With plants still making new leaves, warm muggy nights and daytime weather just a few degrees under 100°F, it sure doesn't feel like autumn around Austin, but the calender says it's Labor Day Weekend, a short period of time set aside for relaxation. This year the holiday weekend is bookended by two national political conventions and threatened by two hurricanes, Gustav and Hanna. In Austin there are all sorts of events, including the Human Race 10 K , the Austin Triathlon and the 4th Annual Batfest. (Thanks to Austin Metblogs for keeping us informed.)

The family history we've gathered includes my aunt's memories of what it was like to be a school child at the end of World War One and she also told us about enormous family picnics on long-ago Labor Days.
Her phenomenal memory has made history alive for us.
Thoughts of celebrations, of people in danger, of national pride, of Katrina, of missing my family, of people living long lives and the importance of coming events tumbled around in my head, making me dizzy.

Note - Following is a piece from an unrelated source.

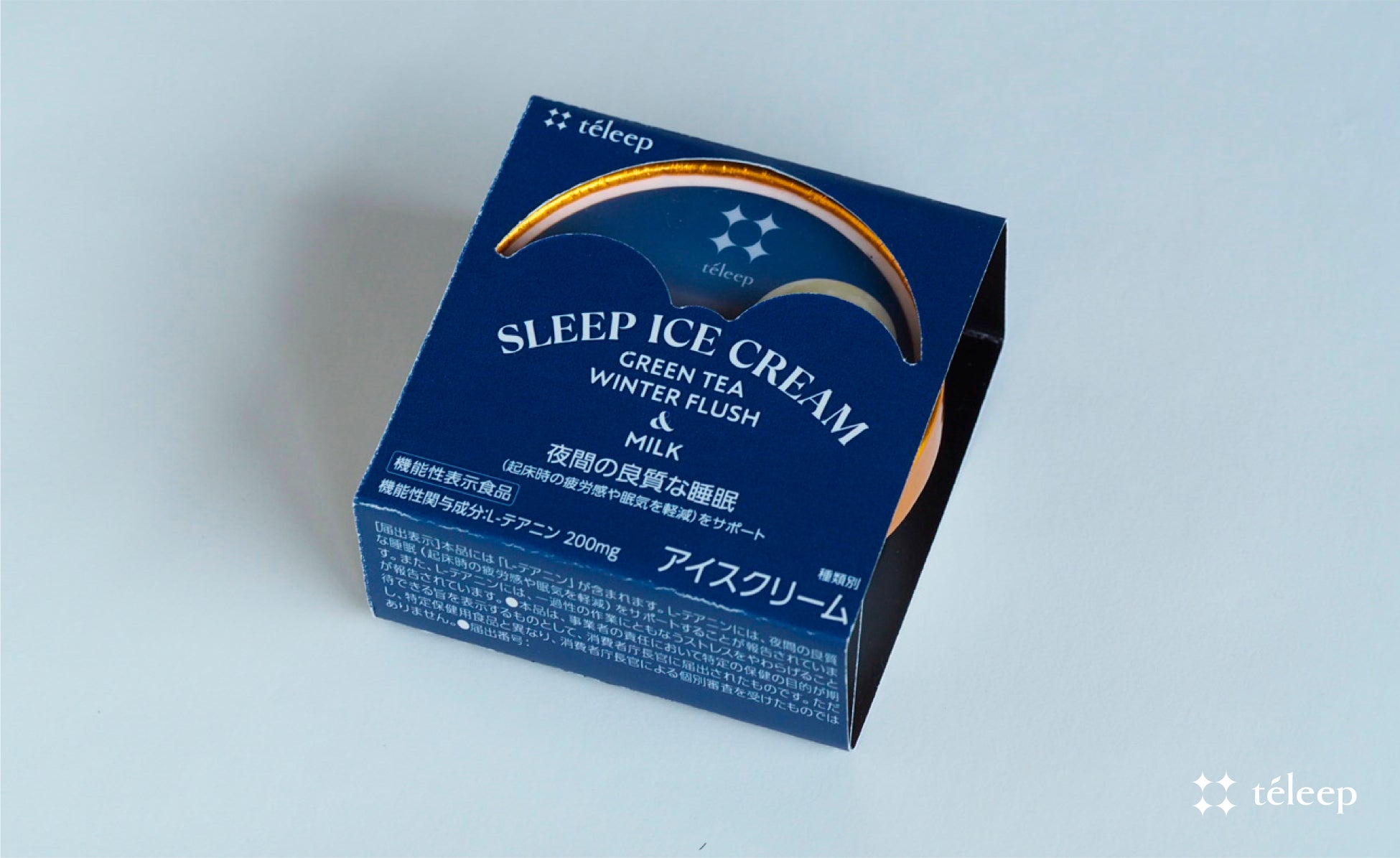 ブランド名であるtéleep(テリープ)は、teaとsleepを組み合わせ「緑茶と睡眠の関係を啓蒙するリーディングカンパニー」としての意味合いを持ちます。本商品では、緑茶のうま味成分である「テアニン」に着目し、一過性の作業にともなうストレス緩和や夜間の良質な睡眠(起床時の疲労感や眠気を軽減)をサポートする緑茶味の機能性表示食品アイスクリームを作りました。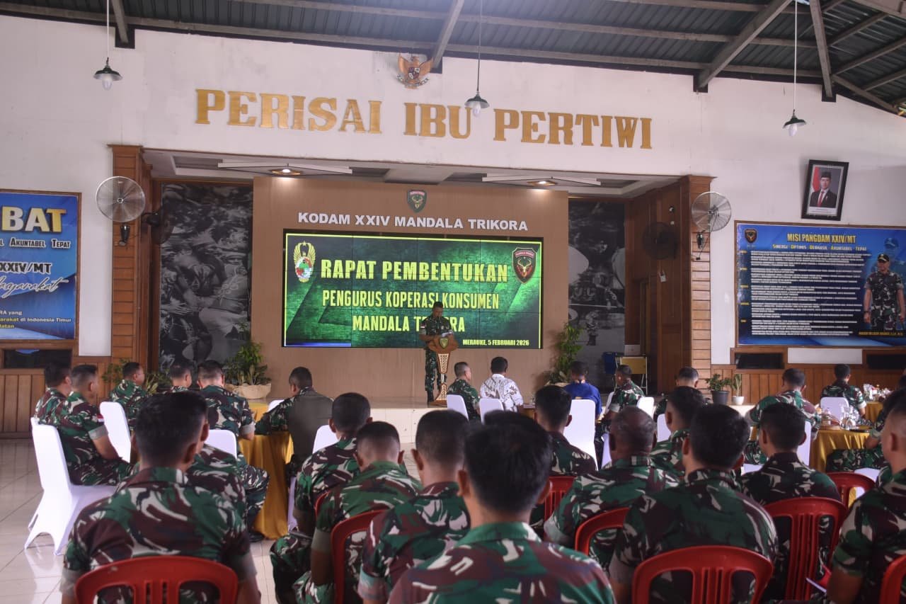 Merauke – Kodam XXIV/Mandala Trikora menggelar Rapat Pembentukan Pengurus Koperasi Konsumen Mandala Trikora, bertempat di Aula LB. Moerdani, Makodam XXIV/Mandala Trikora, Merauke, Provinsi Papua Selatan, Kamis (05/02/2026). Kegiatan ini merupakan langkah strategis dalam upaya meningkatkan kesejahteraan prajurit serta memperkuat kemandirian ekonomi di lingkungan Kodam XXIV/Mandala Trikora.

As usual, tumultuous thoughts send me outside, and I found myself looking around for some red, white and blue in the garden to signify the importance of this National Holiday.

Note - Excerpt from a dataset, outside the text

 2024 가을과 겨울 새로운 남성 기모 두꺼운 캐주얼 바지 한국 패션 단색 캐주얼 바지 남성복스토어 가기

The flowers are pleasing, but the photo is making me see not white but red! What the heck is going on with Blogger? It uploads my photos, which have been formatted in the same way for years, and then chooses photos seemingly at random, rotating them 90º so the landscape photos are turned into portrait mode.
This keeps happening over and over. I've deleted photos, reformatted, deleted entire posts and started over with no good outcome. Does anyone else have this problem? Is there a solution? Help! [Edited Sunday night - check out a possible fix at Annie's Addendum.]
What should be something both attractive and delicious for the red stripes on the flag - 'Cherry Belle' peppers - once again looks ridiculous when the photo has made a quarter-turn to stand on end instead of the right way.

Up in the front of the house we have a Woodland Garden still in an early state of becoming. That's where I found all three colors next to each other - Pigeon Berry/Rivina humilis adds red from the berries and white from the tiny flowers to the small, deep blue blossoms of Ceratostigma plumbaginoides -or leadwort- an old favorite from Illinois that tolerates life in Texas.